I agree with Goldstein’s claim that teaching is the most embattled profession in the United States because our expectations for our teachers are so high but society as a whole does not appreciate them like they should. Teachers are constantly put under extraneous amounts of pressure and standards in today’s society. Goldstein writes that “In south Korea, teachers are referred to as “nation builders”. In Finland, both men and women name teaching as among the top three most desirable professions for a source. Meanwhile, that old American saw-“those who can’t do, teach”- continues to reverberate, reflecting elite concession towards career educators” ( p.6) Nieto shows that “A study of over 1,200 K-12 teachers nationwide found that the five top stressors associated with teaching are…having too many responsibilities, lacking control over decisions that affect students, and being constantly subject to accountability measures.” (p.15) We expect teachers to be able to close the gap between poor and middle class children while also dealing with nationwide testing standards, all while receiving low pay and low funding for their classrooms. Teachers are now being faced with an exuberant amount of responsibilities and not being compensated mentally, physically, and mentally.


The sociopolitical factors that Nieto argues are essential to understanding the work of teaching and learning are curriculum, political influences, and social influences. These three sociopolitical factors have an impact on the value on education, parental support, structural inequality, etc. Nieto states that “the proposed remedy has worsened the problem. Rather than more meaningful teacher education and professional development, smaller classes, better pay for teachers, and more resources for poor schools…[they] put in place an unparalleled program of mandated standardized tests that has significantly changed the nature of teaching and learning for millions of teachers and students around the nation.” (pg.5) Schools are being marketized into competing against another on who has better scores, and even teachers within the same schools are competing against each other to see who can do better. Teachers are being put under strenuous working conditions to help their schools raise money or can also be in jeopardy of them losing their own jobs. Another example that Nieto writes about is about standardized testing and how “common core has the potential to raise expectations for student learning and enhance the quality of the curriculum, it comes with several potentially troubling problems. One is the claim that it will raise student achievement. Yet according to a recent study... changes to the state standards over the past twenty years have had little, if any impact on student achievement.” (p.5) Teachers are putting more emphasis on state standards because many policymakers want to have certain goals to be endorsed, which are fundamentally flawed.
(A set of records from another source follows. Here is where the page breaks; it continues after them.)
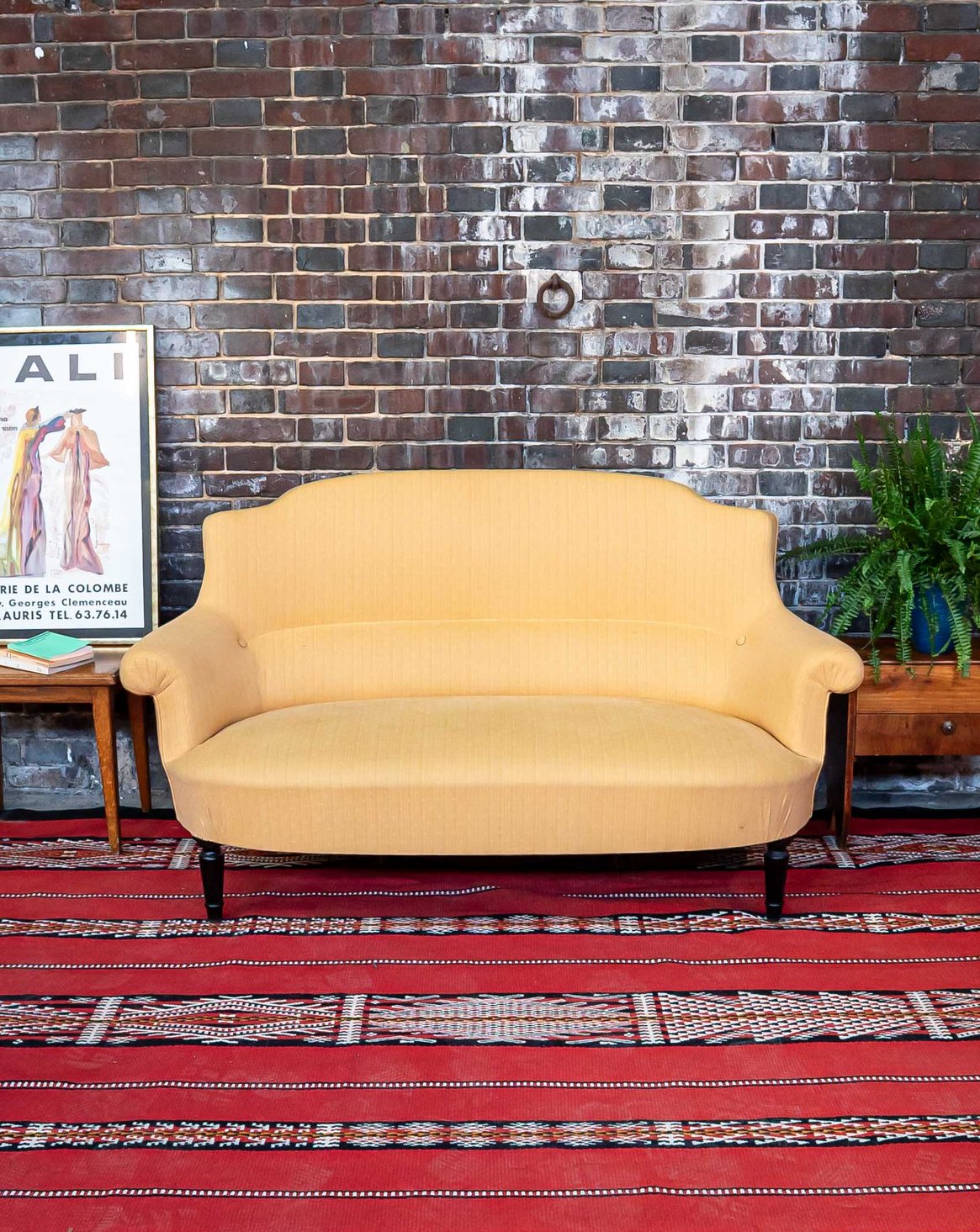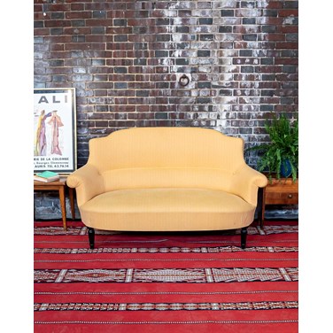 Découvrez ce magnifique canapé crapaud 2 places Napoléon III, habillé d'un élégant tissu jacquard ton sur ton jaune. Ses pieds noirs lui confèrent une allure contemporaine tout en préservant le charme d'époque. Bien que le tissu présente quelques traces d'usure, cela atteste de son authenticité et de son histoire. Les deux boutons ajoutent une touche de sophistication, faisant de ce canapé un choix idéal pour une décoration raffinée.
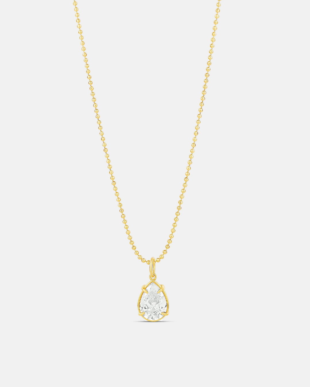 This gorgeous pear-shaped stone necklace, framed with shiny rhodium plating, effortlessly brightens any outfit. Strung on a sleek black cord, it’s perfect for wearing solo to make a subtle statement or layering for a trendy, playful look. Add a touch of sparkle and whimsy to your everyday style with this versatile piece!
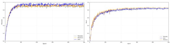 Figure 11 and Figure 12 illustrate the validation performance (Precision and Recall) recorded at the end of each training epoch. Although the metrics for LSOD-YOLO begin to stabilize around 200 epochs on the ZKLJ dataset and 300 epochs on COCO, we opted for a full 300/500 epoch schedule to ensure that the complex attention mechanisms (C3k2-Star-CAA) and the shared convolutional weights in the LSCD head achieved absolute convergence. This extended training duration also allowed us to verify the model’s stability and confirm the absence of significant overfitting in the later stages of the lightweight architecture’s development.
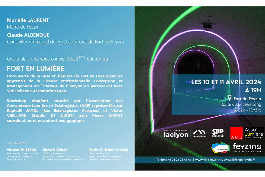 Face au succès des deux premières éditions, l’événement ? FORT EN LUMIERE ? revient. Les 10 et 11 avril, les 20 apprentis de Licence Professionnelle Conception et Management en Eclairage vont illuminer l’ancienne forteresse militaire et ses espaces extérieurs. Des lieux emblématiques du Fort comme les salles souterraines ou encore la salle des Machines seront mises à l’honneur. Une promenade d'une heure environ permettra au public de parcourir l'ensemble de ces installations lumineuses éphémères.
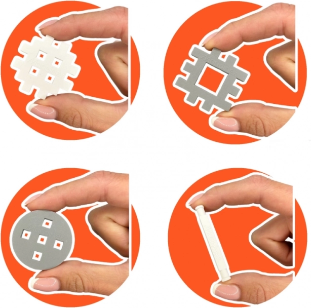 Maar liefst 301 stukjes in 27 vormen – van basisblokjes en verbindingsstukken tot speciale elementen. Bouw huizen, auto’s, machines en originele constructies en prikkel elke dag de fantasie.

Wayne Au shows that the reasons why the government was able to justify the high stakes testing as a tool for equity was to prove that anyone not white/rich, were less superior. These tests were brought into the mass public schools because they wanted to be able to track kids of color and the poor and build on the assumption that they would never amount up to anything other than just workers. He goes to state that it is “important to recognize that high-stakes tests are not race-neutral tools capable of promoting racial equality. At their origins more than 100 years ago, standardized tests were used as weapons against communities of color, immigrants, and the poor. Because they were presumed to be objective, tests results were used to prove that whites, the rich and the U.S. born were biologically more intelligent than non-whites, the poor, and immigrants.” (p. 244) Au also shows that even people of higher power like “Stanford professor Lewis Terman argued that certain races inherited “deficient” IQs, saying that ‘no amount of school instruction will ever make them intelligent voters or capable citizens.’ He further asserted that …children of this group should be segregated… and these students were unable to master abstractions” (p.244) These tests from the very beginning were set up for black and brown students to fail. Au shows that these tests were made to make sure that students of different ethnicities and lower socioeconomic statuses keep them oppressed and not continue to grow.